His talking, as it were, was done on the field. Rob Carpenter, who became his backup, once marveled that “Earl could hit the wrong hole and still gain four yards.” In Campbell’s rookie season, each time he ran for 100 yards or more, a Houston butcher gave the offensive line beefsteaks—it happened eleven times. (The following year, eager to limit his meat exposure, he changed the rules, agreeing to pay up only when the Oilers scored twenty-four or more points; it happened just twice.) Campbell, who became the first rookie to lead the NFL in rushing since Jim Brown did it in 1957, got requests for about three hundred autographed pictures a week. He was self-effacing about it all, typically crediting his teammates for his success. Shy of reporters, he took a corner locker, one next to Tim Wilson, his lead-blocking fullback. When he was asked about this play or that, he would often say: “Why don’t y’all talk to Tim? I’m nobody without Tim.” “That wasn’t bullshit,” said Robertson. “Never for a moment did I think that was bullshit. That was just Earl.”
The Oilers, perhaps because of Campbell’s bulldozing style, perhaps because of Pastorini’s long suffering, perhaps because their hardworking defense had long been the core of the team, perhaps because of those derricks on the sides of their helmets, perhaps, ultimately, because they were finally winning, were suddenly toasted in Houston beer halls. As the ’78 season drew to a close, the six-four 250-pound Mauck—who once, half jokingly, warned Earl Campbell, “Be careful, all sportswriters are Communists”—penned a song he called “Oiler Cannonball.” Naturally, he recorded it at Gilley’s.
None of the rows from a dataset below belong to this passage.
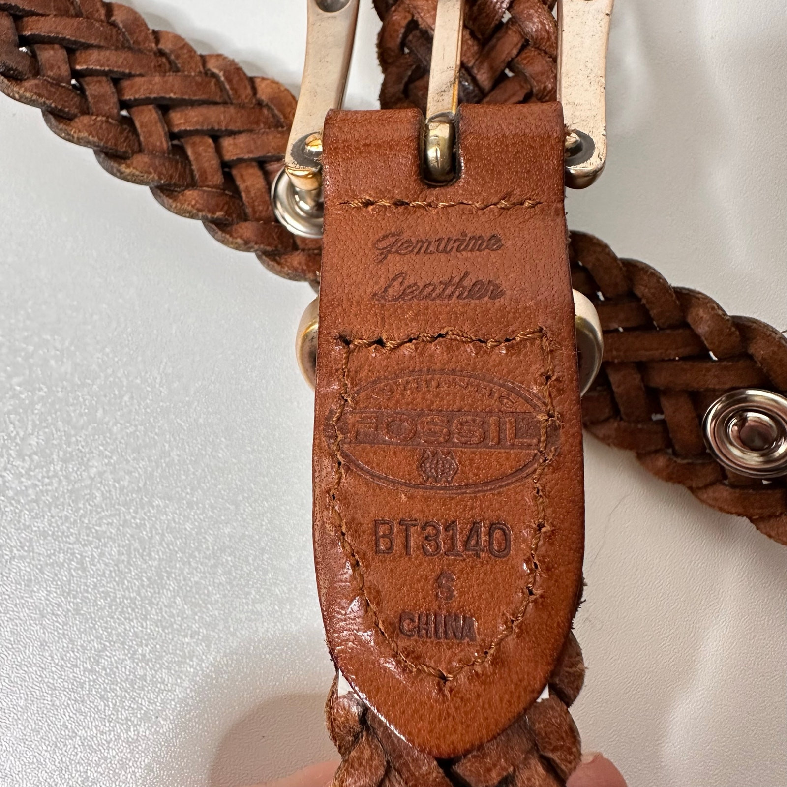 Fossil Womens Braided Woven Leather Belt Flower Concho Embellishments Waist SM
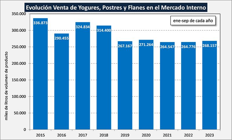 En el gráfico de abajo se ve cómo productos como las leches saborizadas o chocolatadas, que presentaron una muy alta tasa de crecimiento en el año 2022 (19%), y que era sólo por efecto de comparar con un año donde las ventas fueron extremadamente bajas, en 2023 caen levemente y se encuentran muy lejos de los valores de 2015/2018. Situación muy similar presenta el gráfico que le sigue de yogures, postres y flanes.
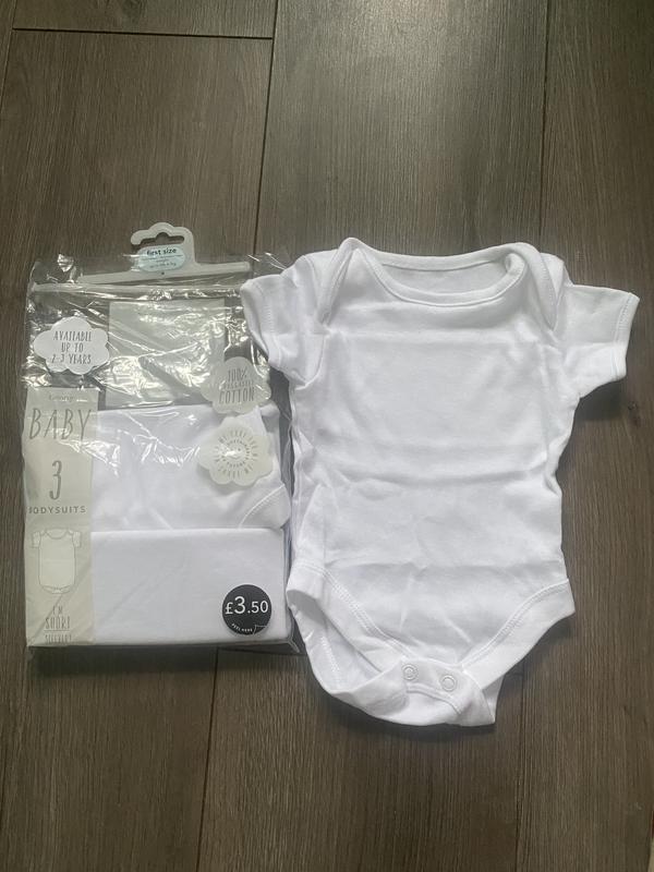 Набір боді з 3 штук білого кольору на короткий рукав на новонародженого у використанні не був. Ціна за 3 штуки.
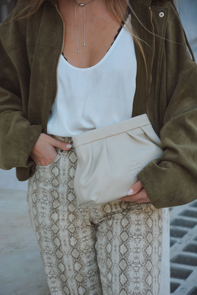 Introducing our Kiss Pouch – a sleek and sophisticated accessory designed to complement your formal attire with understated elegance. Wear it with confidence, either in hand as a minimalist clutch or under your arm for a more polished look. Elevate your formal look with an accessory that effortlessly combines practicality with refined aesthetics.
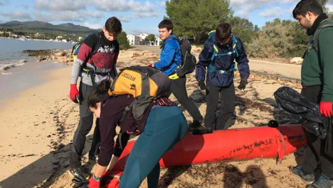 Una trentena d'alumnes de la Cooperativa d'ensenyament Es Lledoner, que cursen un cicle d'FP han sortit a Portocolom per fer un dia de neteja a dues platges i els seus voltants. Són estudiants de Grau Mitjà de Tècnic en Conducció d'Activitats Físiques i Esportives en el Medi Natural.
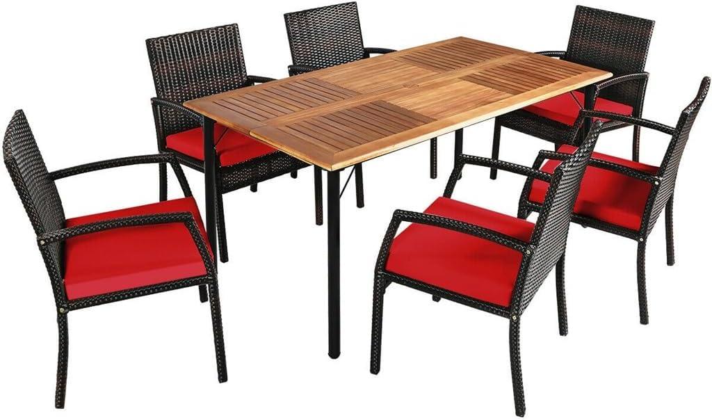 7PCS Patio Rattan Dining Chair Table Set W/Cushion Umbrella Hole Red
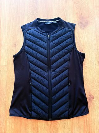 Chaleco de hombre en talla M de la marca Crivit, ideal para running, senderismo. Marcas de uso en la espalda. Parte trasera no lleva pluma. 2 bolsillos delanteros con cremallera.
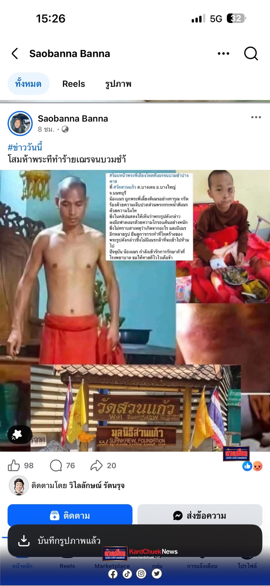 ความคืบหน้าล่าสุดเมื่อวันที่ 25 เม.ย. 2569 เวลา 15.00 น. ผู้สื่อข่าวได้ลงพื้นที่ไปยังวัดสวนแก้ว อ.บางใหญ่ จ.นนทบุรี เพื่อสอบถามข้อเท็จจริงจาก พระพยอม กัลยาโณ เจ้าอาวาสวัดสวนแก้ว ซึ่งได้ชี้แจงถึงกรณีดังกล่าวว่า จากการตรวจสอบข่าวที่เผยแพร่ พบว่าเป็นข่าวที่ไม่มีการระบุวัดต้นทางของเหตุการณ์อย่างชัดเจน ก่อนจะมีการนำไปบิดเบือนและสร้างเป็นข่าวปลอม โดยโยงว่าเป็นเหตุที่เกิดขึ้นภายในวัดสวนแก้ว ทั้งที่ในความเป็นจริง วัดสวนแก้วไม่เคยมีเหตุการณ์ลักษณะดังกล่าวเกิดขึ้นเลย อีกทั้งพระที่ปรากฏในภาพก็ไม่ใช่พระในวัด และภายในวัดก็ไม่มีสามเณรอยู่แม้แต่รูปเดียว
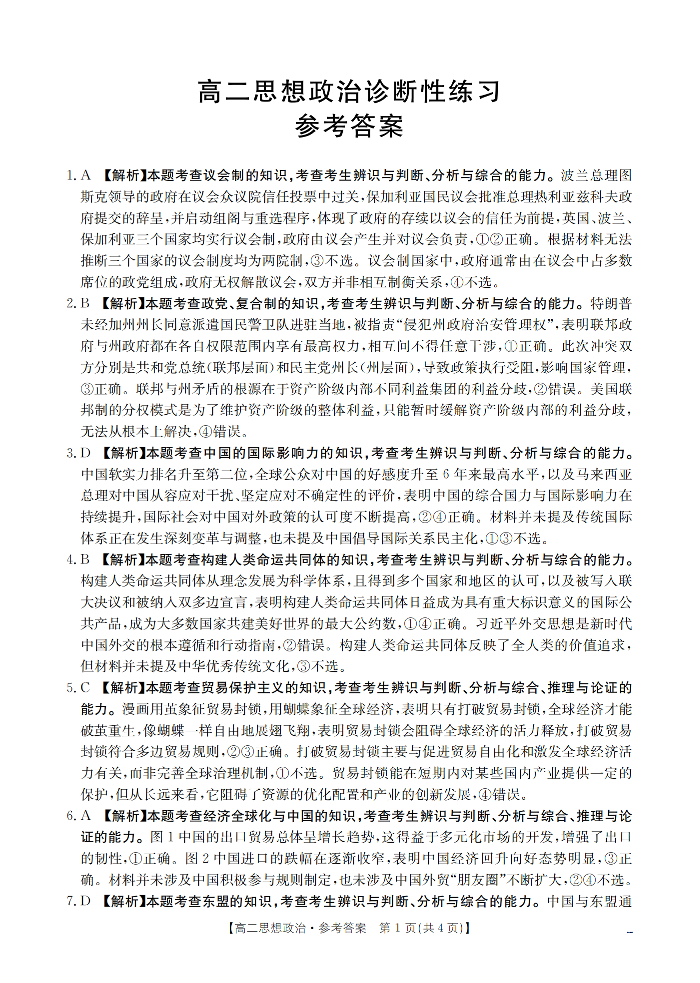 高二政治答案--山东省济宁市2025-2026学年高二上学期1月诊断性练习月考
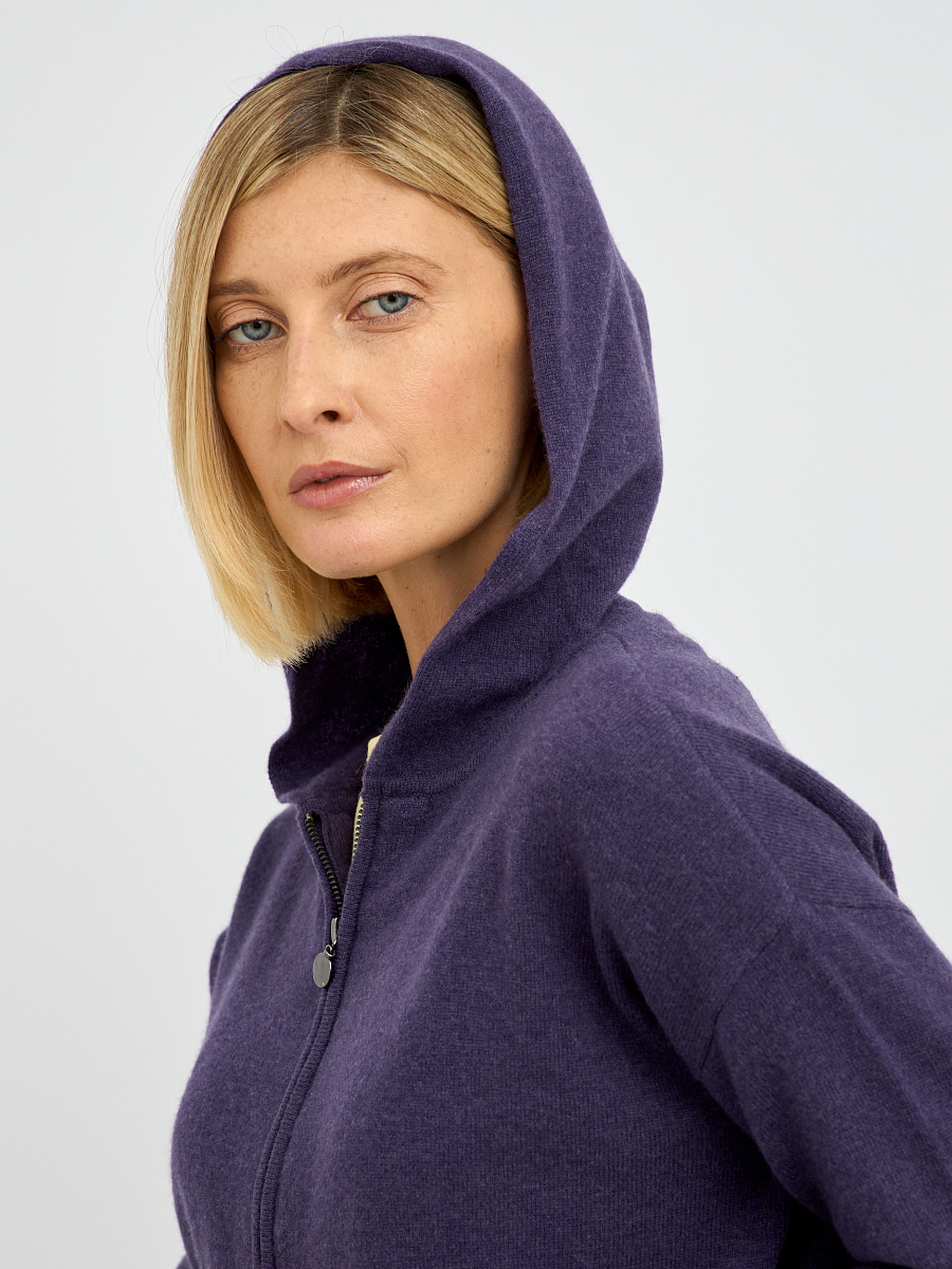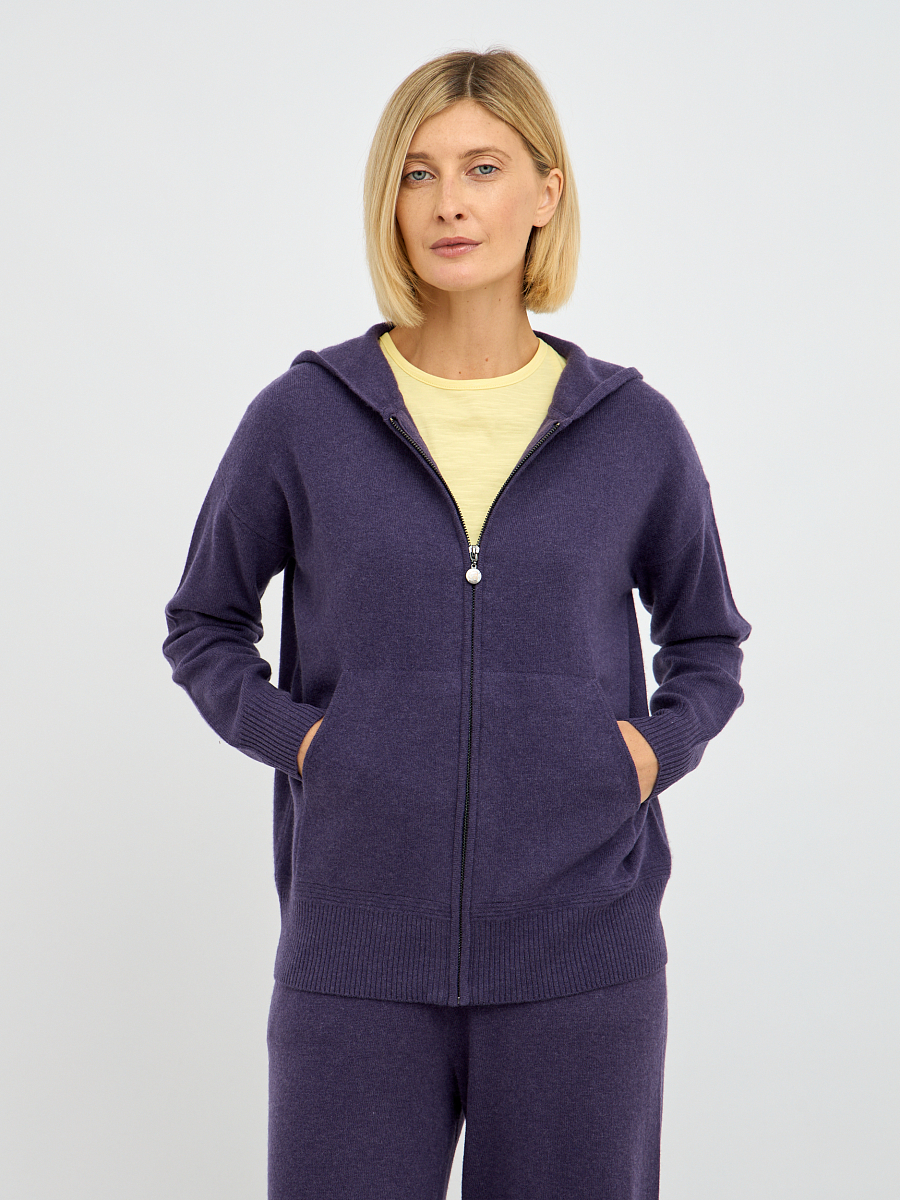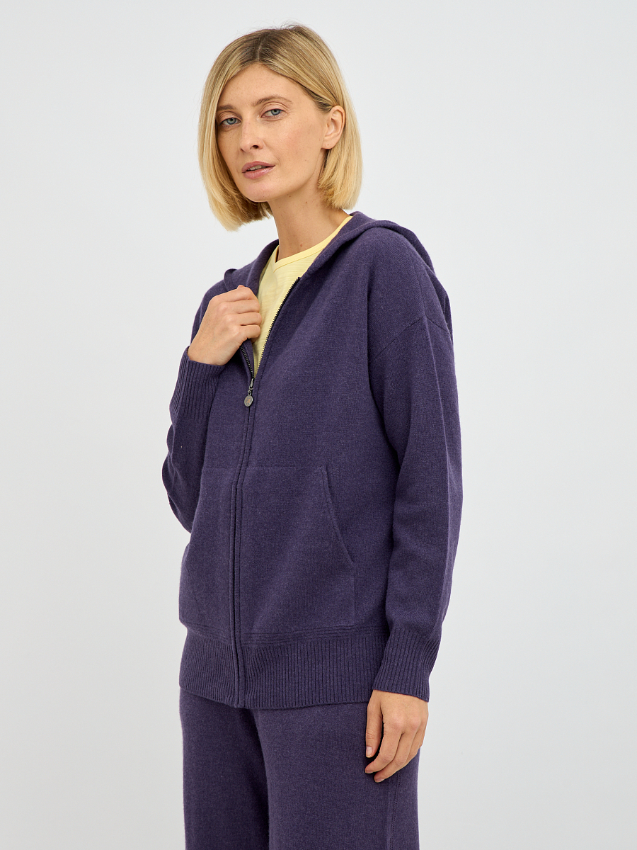 Наличие молнии обеспечивает легкость в надевании и снятии, а также позволяет регулировать степень тепла. Капюшон добавляет образу нотку спортивной непринужденности и обеспечивает дополнительную защиту от ветра и непогоды. Лаконичный крой кардигана подчеркивает достоинства фигуры, не сковывая движений.

Its chorus, which includes calling Pastorini, his roommat
e on the road, a “fancy passin’ Dago,” was set to a rousing country-and-western march.
The Oiler Cannonball:
Now listen to the blockin’,
The ramblin’ and the roar,
As he glides by along the sidelines,
By the hashmarks then the score.
From the fancy passin’ Dago,
To the Tyler bowling ball.
Those Patriots can be taken,
By the Oiler Cannonball.
No one was going to mistake it for Merle Haggard, but despite Mauck’s off-key delivery, the song got plenty of airtime on KILT, the country-music station followed by all those roughnecks who spent their nights at Gilley’s and other honky-tonks. The Oilers were becoming the team of a certain kind of Texan: rough around the edges, blue collar, unpretentious. In a sign of the team’s popularity, Mauck’s single sold ten thousand copies.
In their enthusiasm, Astrodome fans started to resemble college football crowds: pep rallies before games, face painting, signs announcing: “Luv Ya Blue”—the new motto of the Oilers, coined by Campbell after the Monday Night Football game against Miami. “‘Luv Ya Blue’ was a chance for people of all races and backgrounds to come together as a city,” he said, in true Campbell-speak, about the enthusiasm of the crowd that night. “It was a feeling that the players and fans shared without even talking.”
The season ended on a miserable Sunday afternoon in Pittsburgh. An icy, slushy day, with freezing rain and sleet and a temperature of about 25 degrees. It was the AFC Championship Game—the winner would go on to the Super Bowl. This was far further along than anybody had thought the 1978 Houston Oilers would go. And this was where the road ended.